好了到这里终于把要求的结果查询出来了。。。。

标签:substrinstr截取字符串函数

相关推荐

26309PHP常量详解在快速入门阶段有哪些关键点?26310如何将前端线上图片快速转换为马赛克效果?26317您是否已经搭上布局数字医疗、开发互联网医院系统的快车,引领行业潮流?26324GIF Movie Gear 4.12版本更新了,你们知道最新版本有哪些新功能吗?26331如何通过StartCMS启动微前端框架,实现高效项目部署?263392023年有哪些开发者工具堪称神器,能让工作效率翻倍?26342PHP学习笔记——【一往无前】,如何深入掌握这门技术?26348Laravel中如何通过路由和依赖注入实现高效模块化开发?26351Laravel P47的CMP最后润色步骤有哪些?26361PHP学习笔记中观隅反三的应用有哪些技巧和案例?26363PHP学习笔记(一谦四益)中,如何理解一谦四益在编程中的应用?26366如何入门编程并开发一个【编程入门】应用市场(php版)?26368如何解决帝国CMS 7.5编辑器粘贴WORD内容格式丢失及图片不显示的问题?26370如何解决PHP PhpStorm单元测试报错:PHPUnit Cannot open file问题?26372如何用PHP编写一个针对长尾关键词的搜索引擎类?26373PHP网页运行时出现乱码,如何调整编码设置解决?

本文共计956个文字,预计阅读时间需要4分钟。

如何用substr和instr函数截取字符串中的特定长尾词?

原表查询示例:SELECT * FROM pagereferrer;如何查询按URL分类的信息示例:SELECT * FROM pagereferrer WHERE URL LIKE 'http://example.com/%';

11.95.60.43:8080算一类信息,并按百分比排序示例:SELECT URL, COUNT(*) as count, (COUNT(*) * 100.0 / (SELECT COUNT(*) FROM pagereferrer)) as percentageFROM pagereferrerWHERE URL LIKE 'http://11.95.60.43:8080/%'GROUP BY URLORDER BY percentage DESC;

原表select*frompagereferrer;如下如何在这张表中查询出按URL分类的信息例如2

原表select * from pagereferrer;

如下

如何在这张表中查询出按 URL分类的信息 例如211.95.60.43:8080算一类信息并按百分比显示。

预期结果如下 precent字段显示百分比urlCount字段统计该url的数量。

会遇到两个主要问题

1如何只截取到红色标注的部分。

2截取前8位字符之后URL为空如何以显示“ / ”

3如何统计不同类型URL所占百分比。

如何用substr和instr函数截取字符串中的特定长尾词?

下面步骤分解 

第一步

先按URL分组查询

select * from pagereferrer GROUP BY url;

第二步

截取掉前8位字符“”

语句

select substr(url,8) from pagereferrer GROUP BY url;

第三步

使用instr函数找到  截取掉前8位字符“”之后的第一个"/"斜杠位置在第几个字符。

语句

select substr(url,8),INSTR(substr(url,8),/) from pagereferrer GROUP BY url;

第四步

配合LEFT函数查询到第一个" / "之前的所有字符串 包含" / "。

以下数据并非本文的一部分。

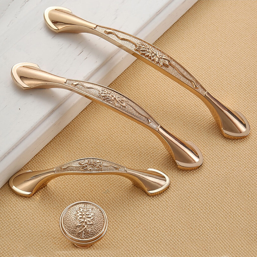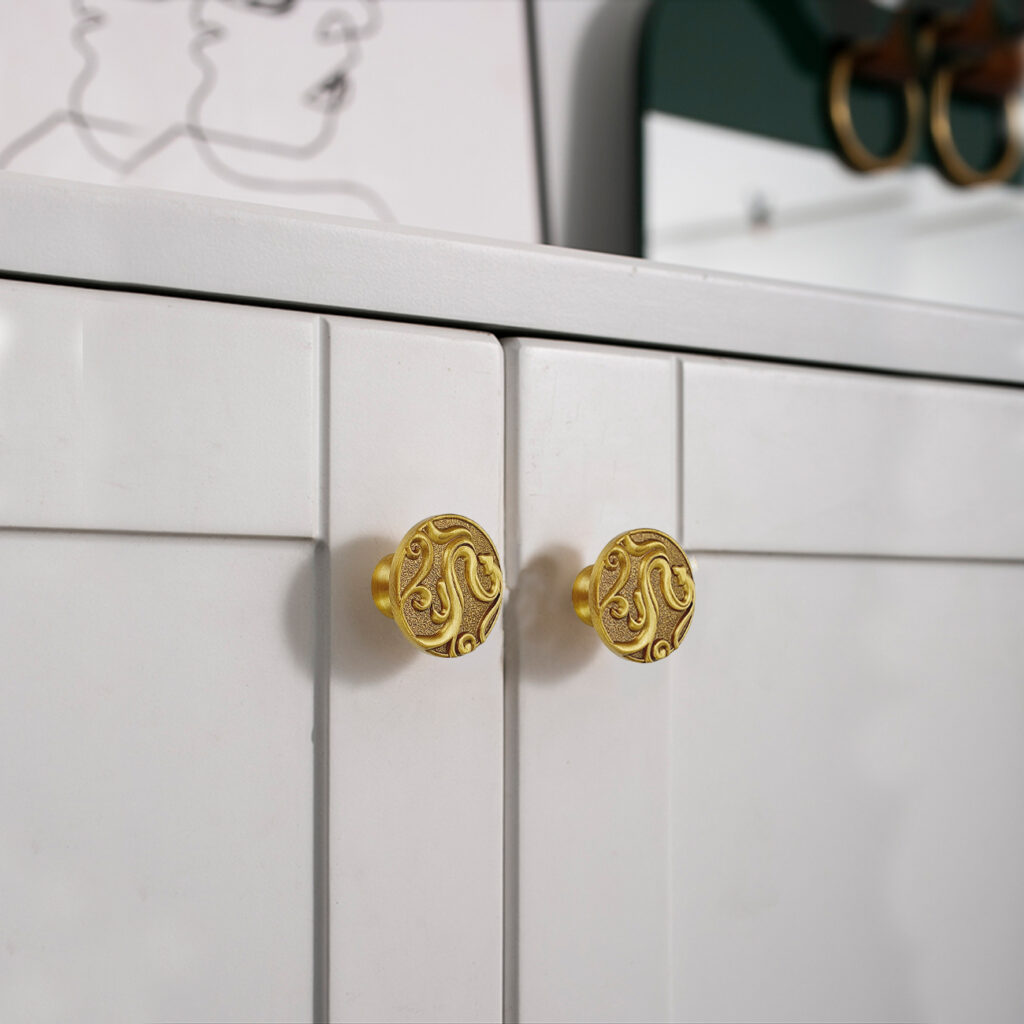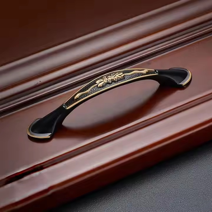 Tay nắm cửa tủ đồng hoa văn cổ điển NK037D
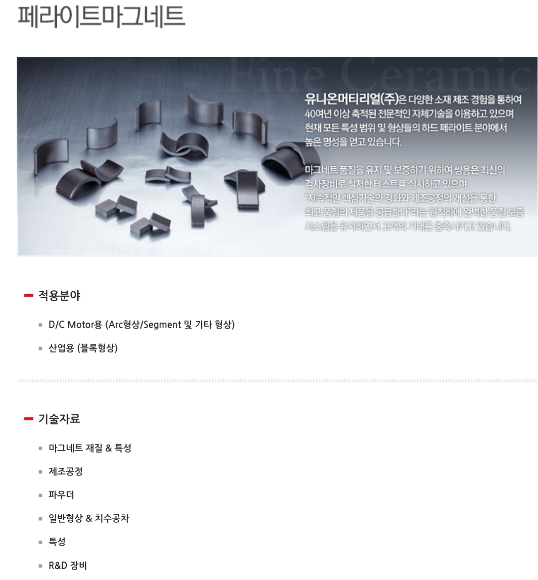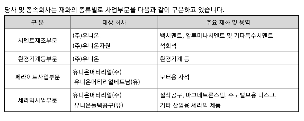연결대상 종속회사인 유니온머티리얼(주)는 파인세라믹 중 자기적 기능을 이용한 페라이트 마그네트, 기계구조적 기능을 이용한 절삭공구, 절연성 및 내열성을 이용한 전자레인지용 Magnetron Stem, 내마모성을 이용한 수도밸브용 Disc 등 세라믹의 고유한 기능을 망라하는 부품소재사업을 영위하고 있습니다.

并且给该列命名一个别名 url

语句select left(SUBSTR(url,8),INSTR(SUBSTR(url,8),/))as url from pagereferrer GROUP BY url;

第五步

把最后一个字符取出在left函数中加一个参数-1并且按该列分组。

语句select left(SUBSTR(url,8),INSTR(SUBSTR(url,8),/)-1)as url

from pagereferrer

GROUP BY left(SUBSTR(url,8),INSTR(SUBSTR(url,8),/)-1);

好了到这里基本上大功完成只剩下考虑如何把为空的URL显示 " / "的问题之后要在SQL中加一个判断。

第六步

加一个判断使得URL显示为" / "

语句

select case when LENGTH(left(SUBSTR(url,8),INSTR(SUBSTR(url,8),/)-1))0

then /

else left(SUBSTR(url,8),INSTR(SUBSTR(url,8),/)-1)

end as url

from pagereferrer

GROUP BY left(SUBSTR(url,8),INSTR(SUBSTR(url,8),/)-1);

第7步

完成统计不同类型URL数量和百分比显示加一个count(1) as urlCount统计第一列的数量。

语句

select case when LENGTH(left(SUBSTR(url,8),INSTR(SUBSTR(url,8),/)-1))0

then /

else left(SUBSTR(url,8),INSTR(SUBSTR(url,8),/)-1)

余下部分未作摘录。